How often does your mother get to see your dad now?
Wow, so eloquent. We also have been through this, twice, and we also did not fight or argue, and just offered support among the siblings. Dad and mom each got moved to a care center in Calgary, not too far away. The were separated ultimately, but did not like each other much anyway. Your parents feel the loss more.
We were so grateful that we did not have to care for them in anybody's home - there are some countries where they have no choice, and even in the USA, my sister works in elder care, and subsidized seniors have to die within a year of nursing care, or they run out of funds, and the family has to take them home.

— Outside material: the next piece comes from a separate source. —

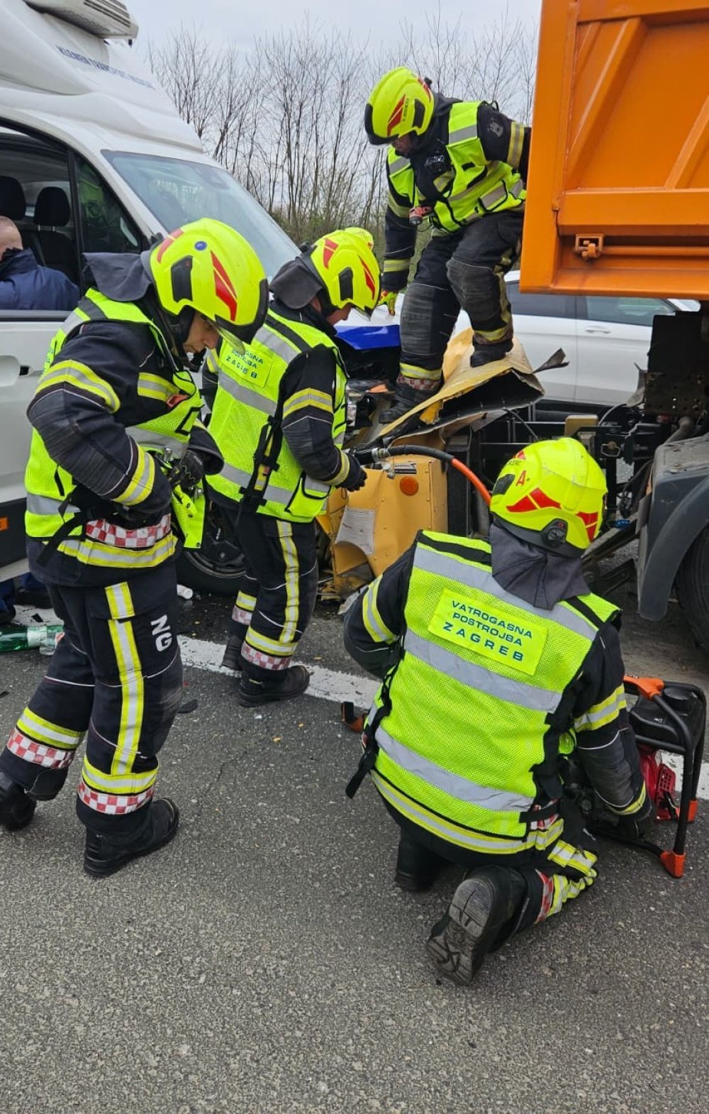 U nesreći su sudjelovala tri teretna vozila, a na teren su izašli i vatrogasci Javne vatrogasne postrojbe Zagreb koji su iz jednog kamiona izvukli ozlijeđenu osobu.

Mom would have been OK, but dad lasted 2.5 years in his wheel chair.
Dad was happiest the last 2 years, because he forgot mom died, as he lost his mind. He told amazing stories, some we had not heard before, but they got a bit old, quickly, repeated every 5 minutes, then every 4 minutes, 2 minutes . . . as he got more loopy and the loops got shorter.
You have written a poignant tribute to your dad. It is so hard to watch. Hugs and love from someone who has been through it.